Last weekend a mélange of various white nationalist hate groups – including the KKK and neo-Nazis – converged on Charlottesville, Virginia. While they were there to ostensibly protest the removal of a statue of Confederate general Robert E. Lee, the all too predictable result was chaos and bloodshed.

Given the times we live in, nobody should be surprised by the events in Charlottesville. As I’ve noted before, technology has changed our lives in many ways – helping to empower those who had previously been marginalized while the resulting changes threaten those who had benefited from the previous social order.

Over the past 50 years or so the anger of those who are part of the fading old order has grown, often egged on by various politicians, media personalities and others. The presidential campaign and election of Donald Trump stirred things up even more. Trump’s rhetoric, often tinged with intolerance and hints of violence, invoked a mythical glorious past in which “true Americans” (mainly white and male) were in control and not threatened by “others” either within or outside the country.

In addition to further inciting the anger of his predominantly white base, Trump’s campaign and election has been seen as a signal for fringe right-wing extremists to come out into the open and push their white nationalist agenda. This has led to a gathering storm of unreasoning anger against contemporary society and its values, and against those who embrace them.

Given the huge divide in our country today, as well as the rising passions and anger of those opposed to change, the question arises: how will this end? The answer, I fear, is: there will be blood. Once a mob gets going, it is not open to reason. All too often, the only thing that quells the passions of a mob is some event – to which it is a party – that is so horrific that people are shocked back into reality.

Fritz Lang’s movie Fury offers a powerful study of mob violence.

It tells the story of Joe Wilson (Spencer Tracy), an innocent man who is accused of murder simply because he was a stranger passing through a small town shortly after a murder had been committed. Agitated about the crime and suspicious of this stranger, the locals soon turn into a crazed mob that gets so worked up they storm and set fire to the jail. In the conflagration that follows, Wilson is apparently killed. The mob’s passions subside with the flames, and in the cold light of the following day the shock of what they’d done fills the perpetrators with shame and denial. Nobody wants to acknowledge what they had done; they just want to go back to their normal lives. Events in the rest of the movie show that isn’t possible.

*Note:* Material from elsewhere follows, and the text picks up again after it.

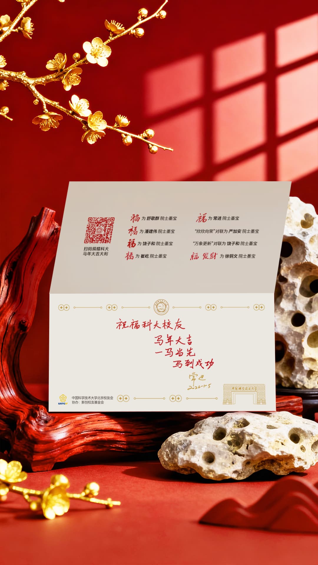 北京校友会连续第五年推出中国科学技术大学院士春联礼盒,现发布七位中国科学院院士挥毫的2026春联设计稿,欢迎登记领取!此为校友登记通道,科大在读生登记院士墨宝春联

I personally saw something similar happen when I was living in Panama and going to school in the Canal Zone in 1964. To keep peace with Panama, President Kennedy agreed in 1963 to fly the Panamanian flag wherever the US flag was flown in the Canal Zone. After his death that November, the Canal Zone governor decided to mollify Zonian anger over the Panamanian flags by limiting where US flags were flown. That further angered the Zonians: demonstrations by Americans in the Zone broke out, passions rose, some Panamanian students appeared wanting to symbolically raise their flag, a scuffle broke out, and the end result was 4 days of rioting, millions in property damage and at least 28 dead. After those riots Zonians acted as if they never wanted to acknowledge what had happened, and minimal resistance was put up to the Panamanian flags flying with American flags throughout the Zone. Eventually, canal treaty negotiations opened because of that episode led to the dissolution of the Canal Zone all together.

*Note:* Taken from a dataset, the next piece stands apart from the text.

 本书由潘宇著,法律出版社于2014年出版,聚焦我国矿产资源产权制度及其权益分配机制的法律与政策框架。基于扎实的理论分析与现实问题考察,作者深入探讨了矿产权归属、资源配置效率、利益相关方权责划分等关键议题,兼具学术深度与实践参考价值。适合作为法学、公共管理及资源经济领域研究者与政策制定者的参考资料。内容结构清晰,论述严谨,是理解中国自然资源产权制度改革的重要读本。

Finally, another example of how mobs can be radically shaken back to reality by the horror of the results of their actions is Germany. Many Germans became passionate followers of Adolf Hitler in the 1930s, and embraced his vision of the Third Reich and the Aryan master race. However, since the end of World War II and the revelations surrounding the Holocaust, most Germans want nothing to do with Nazis and their beliefs.

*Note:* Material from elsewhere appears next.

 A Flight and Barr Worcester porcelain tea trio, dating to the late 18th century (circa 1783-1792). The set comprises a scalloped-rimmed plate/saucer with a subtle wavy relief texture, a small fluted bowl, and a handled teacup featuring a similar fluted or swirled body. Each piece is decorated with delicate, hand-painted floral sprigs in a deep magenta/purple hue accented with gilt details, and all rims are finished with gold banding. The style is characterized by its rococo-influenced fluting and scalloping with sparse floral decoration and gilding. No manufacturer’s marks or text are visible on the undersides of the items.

Last weekend’s events in Charlottesville were very disturbing, and the sight of that car driving into the crowd was horrific. Unfortunately, it doesn’t appear to have been horrific enough. Those involved in the extreme rightist rally don’t appear at all shamed by what happened; instead at least some of them are branding it a “success.” They’re also making plans for more rallies and marches. It also appears Trump has not been shocked into completely renouncing the extremist groups involved in that rally. Although he eventually issued a statement condemning those groups, it did not convey any of the passion of the many criticisms of others he is known for.

Sadly, it appears events have not yet shaken the extreme rightists – or Trump and his loyal followers – back into reality. I fear something much more horrific is yet to come.

♦ ♦

=== Fair use for January 24, 1964 Life Magazine cover ===

The image of the Life magazine cover was taken from Wikipedia. Though this image is subject to copyright, its use is covered by the U.S. fair use laws, and the stricter requirements of Wikipedia’s non-free content policies, because:

# It is a historically significant photo of an historical event
# It is of much lower resolution than the original. Copies made from it will be of very inferior quality.
# The photo is only being used for informational purposes.
# Its inclusion in the article adds significantly to the article because the photo and its historical significance are the object of discussion in the article.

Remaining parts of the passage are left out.